Unwinding Lives Prologue

Posted:
02/25/2004
Hits:
1,156
Author's Note:
Thanks as usual to all on S.S. Fire & Ice, especially


Prologue

1994

"Please," she sobbed, into his shirt, one of his last; he had just washed it the day before, he thought absently.

"Remus."

She was holding him - no, clinging to him - from the back, and she was shivering, shaking...Remus remembered being like this, when he was even younger than her.

She was too young - if not...

She came to him only for comfort, he reminded himself; the Dark Lord's snake had just attacked her father, and she was lost, and scared. She was lost, and scared, just like he had been, when he was even younger than her.

But he remembered her eyes, intense in their strange gold light, studying him, watching him; he remembered how he had fallen himself, had come too close, his fingers winding themselves in the red silk of her hair; he remembered their words, their mutual divulging of personal secrets, their shared tears - Sirius's house was claustrophobic, he had decided.

But now -

"Please," she repeated, and finally Remus turned around, hesitantly, feeling very much like a young boy again - her presence, her bright red hair and fair skin and small frame always made him feel as if he were, himself, still dark-brown-haired, with skin that was smooth with unstained youth and thin and gawky.

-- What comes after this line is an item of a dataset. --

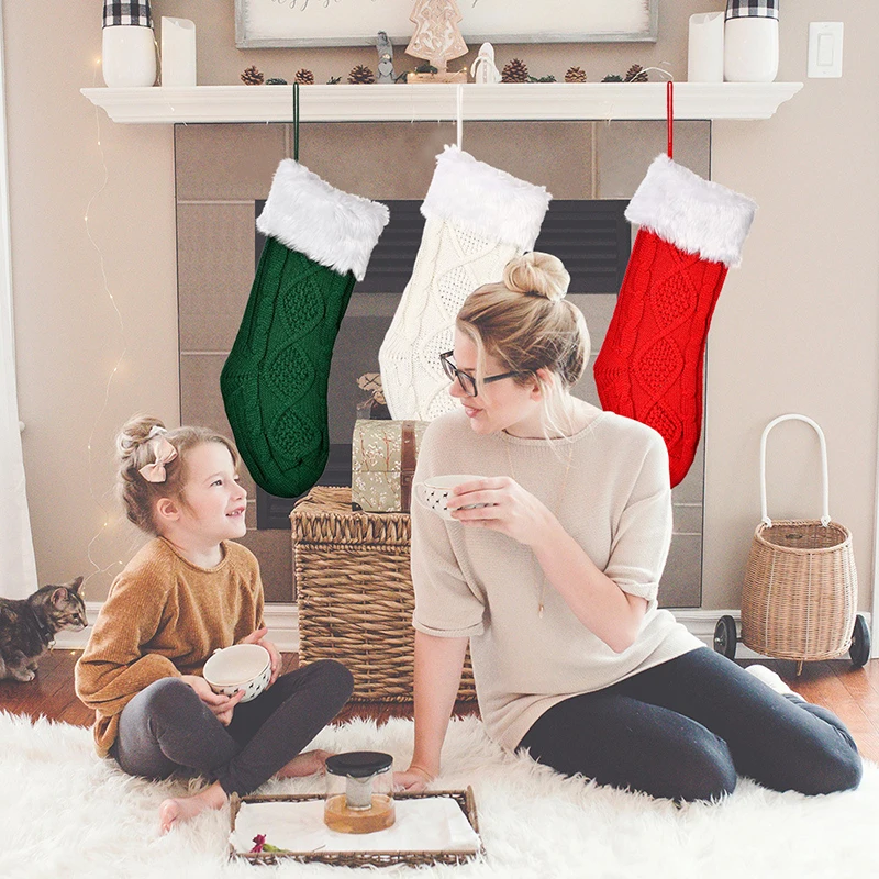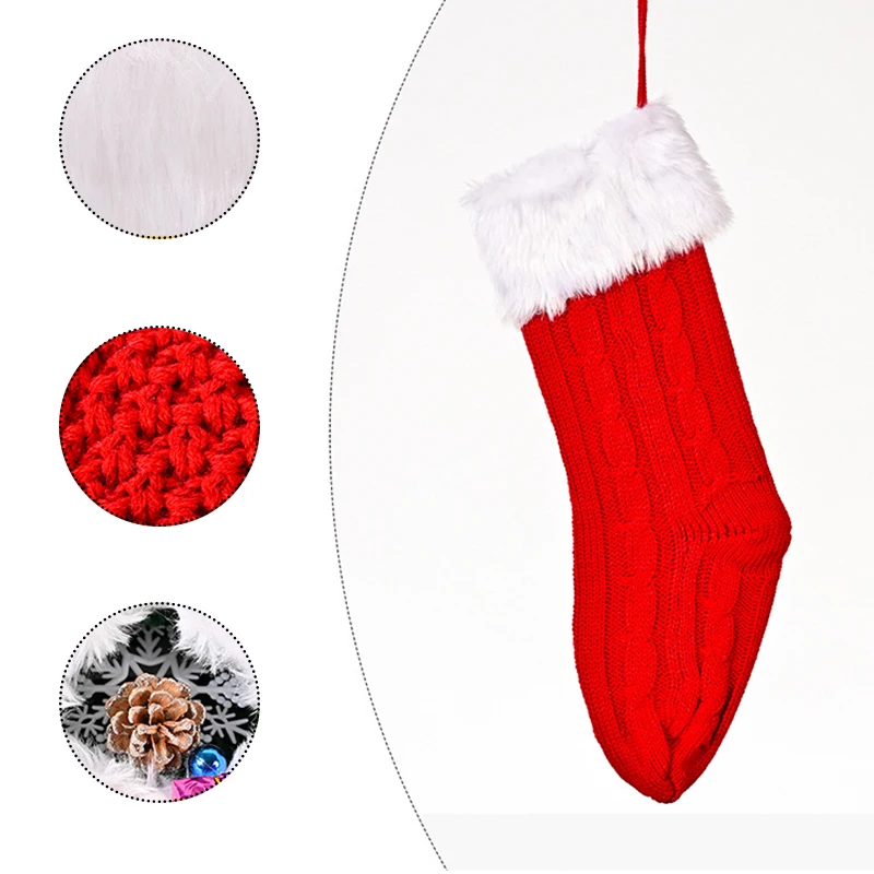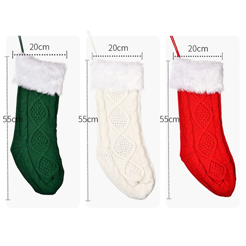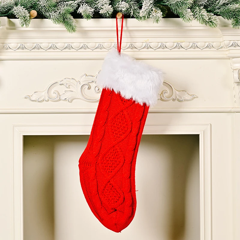 Вязаные рождественские чулки, рождественские украшения, вязаные чулки, рождественские носки декоративные подарки, праздничный чулок для детей

"It'll be alright, Ginny, it'll be alright," he told her, pulling her to his front, bending so that her thick, heavy hair was against his face, feeling with extreme awkwardness that it was an empty promise, although he knew that her father was not dead - he knew, and she knew, that they both meant the future.

She felt soft and pliable in his arms, and the sweet fresh scent that followed her was heightened, sharp to Remus's senses, and it frightened him, almost, to find that he could sink into it, could sink into her. It frightened him that she would fit so perfectly against him, and that his body betrayed his mind by taking comfort in it.

They were just two ordinary people, one giving comfort and the other seeking it, he thought. Comfort, as in consolation.

She is a beautiful girl, whispers a voice in his mind, capriciously. She is a beautiful girl, and of the same mind as yours.

Remus drew Ginny closer, burying his face into her hair, afraid of hearing more.

~

1966

Remus and Rafael were almost six. Rafael had a special child-sized coffin, dark green satin-lined, brass-handle shined.

From his vantage point next to the pastor Remus watched his twin brother, who was unmoving in his black dress robes, the one that Remus knew he hated. Remus had protested against the choice, for his was a boy after his twin's own heart, but he had been immediately hushed by his mother, whose eyelids were lined with grey and whose eyes were mapped with the thin red snaking strata-lines. Remus had retreated to the background, hurt and cold, because his clothes were too thin again - Rafael had had to take all the warm clothes in the house towards the trickle of the last winter, and now it was almost spring but Rafael was dead. Their parents had burned all the clothes and all the bed sheets and blankets that had been in the same bed as Rafael, and hadn't yet bought new ones to replace the ones Remus had sacrificed.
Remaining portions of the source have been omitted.